Instructions for the task. Exercise in exact copying: restate word for word only the lines below from the one containing "而虚空古龙则是类似神兽入侵,每天12点及" through the one containing "Inhalt 4 handgefertigte große Mozartkugeln", omitting any pictures.

Source information.
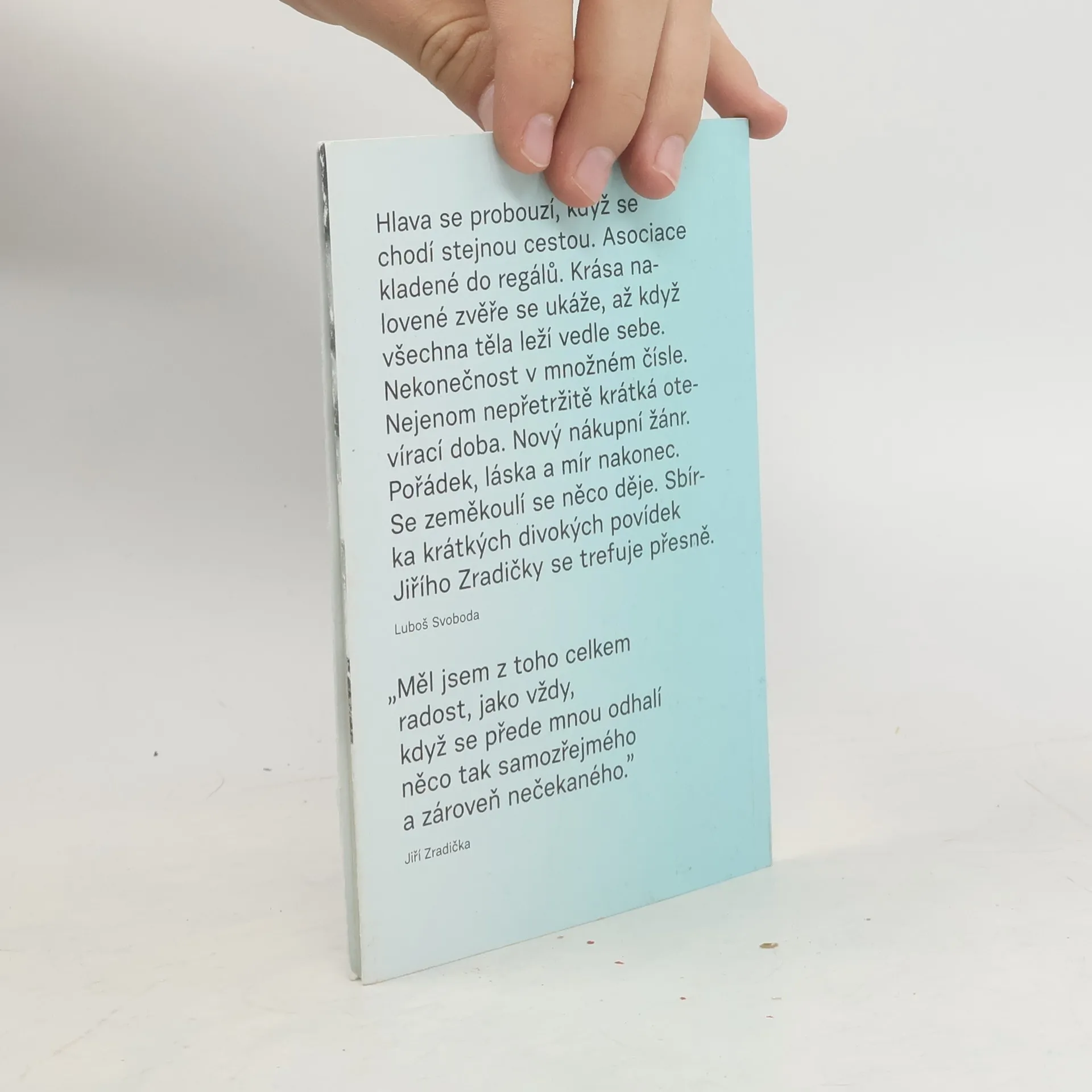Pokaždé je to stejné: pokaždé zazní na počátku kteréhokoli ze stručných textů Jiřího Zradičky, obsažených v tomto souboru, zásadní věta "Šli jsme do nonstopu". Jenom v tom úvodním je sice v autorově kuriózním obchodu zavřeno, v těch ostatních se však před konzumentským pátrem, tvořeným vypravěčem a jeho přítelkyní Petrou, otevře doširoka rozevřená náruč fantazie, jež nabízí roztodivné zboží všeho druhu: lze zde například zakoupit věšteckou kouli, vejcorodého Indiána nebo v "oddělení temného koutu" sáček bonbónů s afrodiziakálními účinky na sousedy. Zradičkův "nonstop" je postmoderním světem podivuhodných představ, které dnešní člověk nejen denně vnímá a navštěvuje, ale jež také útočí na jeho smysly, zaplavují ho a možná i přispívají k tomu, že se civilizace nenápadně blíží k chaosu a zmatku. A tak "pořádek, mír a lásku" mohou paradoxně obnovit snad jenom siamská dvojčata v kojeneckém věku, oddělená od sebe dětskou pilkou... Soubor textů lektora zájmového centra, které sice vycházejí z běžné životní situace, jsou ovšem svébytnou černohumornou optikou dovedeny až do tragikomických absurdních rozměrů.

* * *

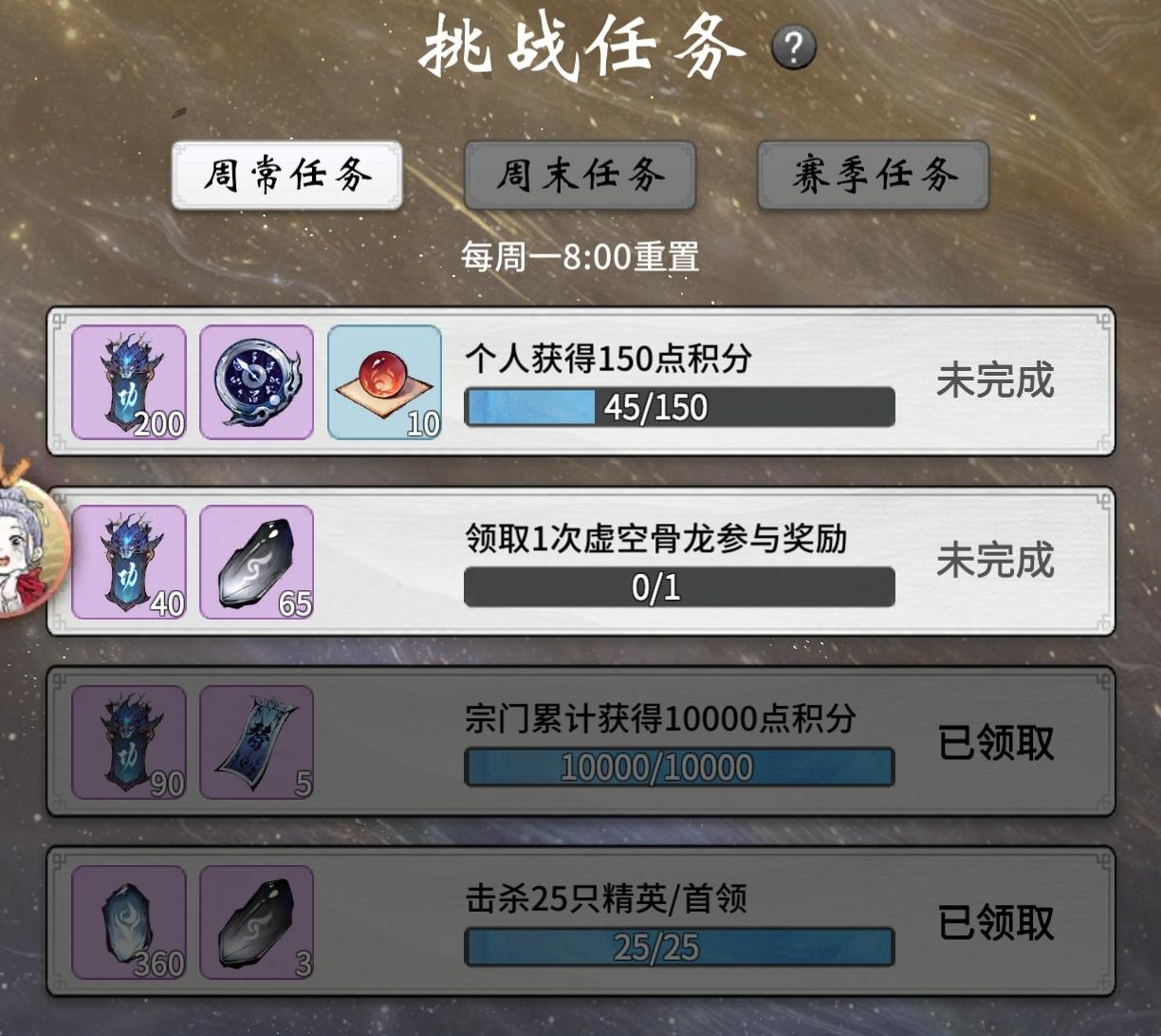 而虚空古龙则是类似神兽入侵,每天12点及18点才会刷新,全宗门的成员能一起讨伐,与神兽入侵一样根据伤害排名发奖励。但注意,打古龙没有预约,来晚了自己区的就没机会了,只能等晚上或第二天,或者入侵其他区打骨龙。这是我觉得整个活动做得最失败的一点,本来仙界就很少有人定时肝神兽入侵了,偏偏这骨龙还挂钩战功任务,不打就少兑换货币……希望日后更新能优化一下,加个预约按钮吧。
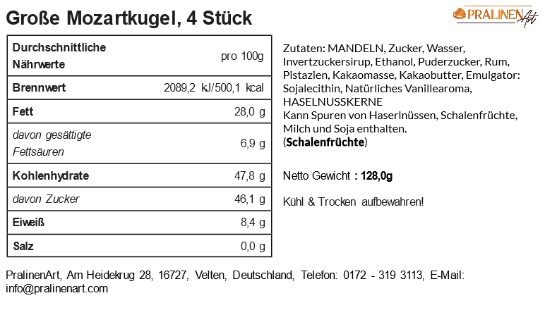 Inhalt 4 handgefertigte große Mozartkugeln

Task output.
 而虚空古龙则是类似神兽入侵,每天12点及18点才会刷新,全宗门的成员能一起讨伐,与神兽入侵一样根据伤害排名发奖励。但注意,打古龙没有预约,来晚了自己区的就没机会了,只能等晚上或第二天,或者入侵其他区打骨龙。这是我觉得整个活动做得最失败的一点,本来仙界就很少有人定时肝神兽入侵了,偏偏这骨龙还挂钩战功任务,不打就少兑换货币……希望日后更新能优化一下,加个预约按钮吧。
 Inhalt 4 handgefertigte große Mozartkugeln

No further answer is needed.